Интересно, что ни она, ни я не удивились нашему русскому языку. Хотя в Израиле русскую речь теперь можно встретить повсюду, но все же это не Россия, и кто-то из нас вполне мог оказаться израильтянином. Я бросил взгляд на ее светлые волосы и снова улыбнулся – только не она, конечно. «Что-то часто я сегодня улыбаюсь», – подумалось тут же. Я и забыл, когда такое настроение было в последний раз.

Женщина между тем все еще стояла, чуть пригнувшись, перед распахнутой дверцей.

– Извините, – повторила она, – меня там знакомые ждут.

Она виновато, совсем по-детски сморщилась, посмотрела на меня светлыми глубокими глазами и направилась к своей машине. Не знаю, что на меня нашло в этот душный вечер. Никогда раньше я не приударял за женщинами. Наверное, в душе ощущал, что успехи мои будут невелики. Так заложено природой: кто-то просто присутствует, отпускает нелепые шутки – и все женщины без ума. Другой же будет на голове ходить да еще петь при этом, подыгрывая на гитаре, – и никакого толку. Может быть, это просто судьба, часто думал я. Как и семейная жизнь, которая у меня не сложилась. Но в тот вечер меня словно подменили. Не знаю почему, но я поехал вслед за машиной незнакомки. Возможно, причиной стала необычность нашей встречи или ее почти детское поведение, а скорее всего – что-то совершенно неуловимое и необъяснимое, проникшее в самую глубину души. Ну а состояние души, как известно, никакими словами не опишешь.

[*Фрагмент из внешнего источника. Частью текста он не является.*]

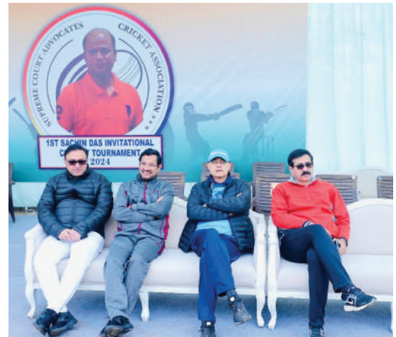
Justice M M Sundresh at the 1st Sachin Das Invitational Cricket Tournament inauguration conducted by the Supreme Court Advocates Cricket Association at Modern School, New Delhi on 13 January 2024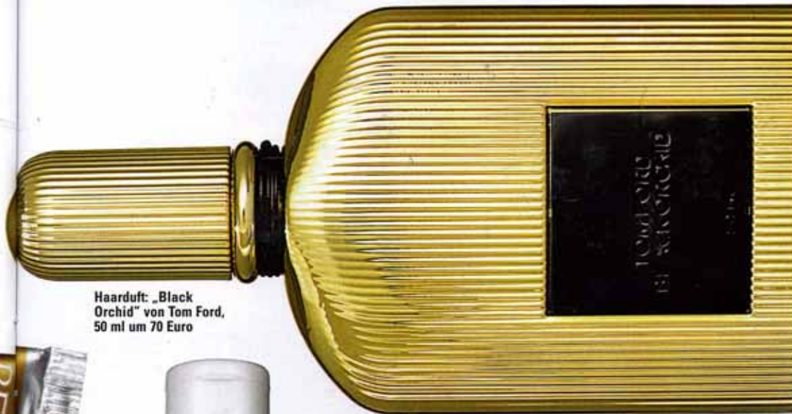
Haarduft: „Black Orchid“ von Tom Ford, 50 ml um 70 Euro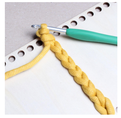
7) Work 1 single crochet.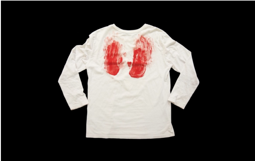
Still from Art Production Line , 2015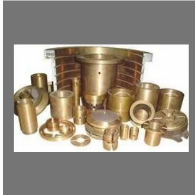
Lead Bronze Bushes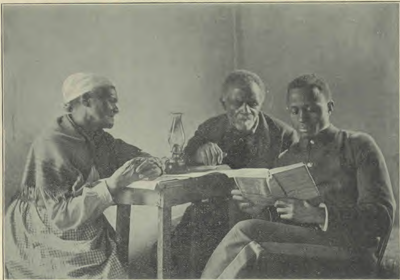
THE HAMPTON SPIRIT

Hampton students are active missionaries. They visit the cabins of the lowly, hold services of prayer and song in the town jail, poorhouse, and old soldiers' hospital, and teach in the neighborhood Sunday schools.

Машина ее действительно была точно такой же, как моя, только под задним стеклом виднелся игрушечный тигренок со смешной мордой на шарнире. Женщина высадила сидевших в ее машине пассажиров – пожилую пару – около одного из домов и направилась к окраине города. Я все время держался прямо за ней, но она совершенно не замечала «хвоста». Лишь когда шоссе приблизилось к невысоким холмам, за которыми уже не было городских домов, я наконец понял, куда она направляется. Слева, в неглубокой ложбинке рельефа, лежал новый жилой комплекс, состоящий пока всего из нескольких многоэтажек. Этот комплекс (по-совковому – микрорайон) строила как раз наша компания. Правда, я был в нем только один раз, но знал, что квартиры тут относительно недорогие, хотя достаточно просторные и уютные.

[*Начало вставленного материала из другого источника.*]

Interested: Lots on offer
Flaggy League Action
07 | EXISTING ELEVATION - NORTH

Женщина свернула к одному из крайних домов и затормозила недалеко от подъезда. Я остановился позади и вышел из машины. Уже стемнело. В большинстве окон горел свет, и на безбрежном южном небе тоже зажегся затейливый звездный узор. Таинственная незнакомка, из-за которой я оказался почти за городом, все еще ничего не замечала. Она заперла машину и направилась к дому. Только теперь я увидел, что идет она тяжело, чуть сутулясь: может быть, из-за тяжелой сумки на плече и пакета с продуктами в руках, а может, как и я, просто устала за неделю. Я стал мучительно соображать, каким способом привлечь ее внимание – не зря же тащился в такую даль! – как вдруг у самой двери она совершенно неожиданно обернулась и застыла в недоумении.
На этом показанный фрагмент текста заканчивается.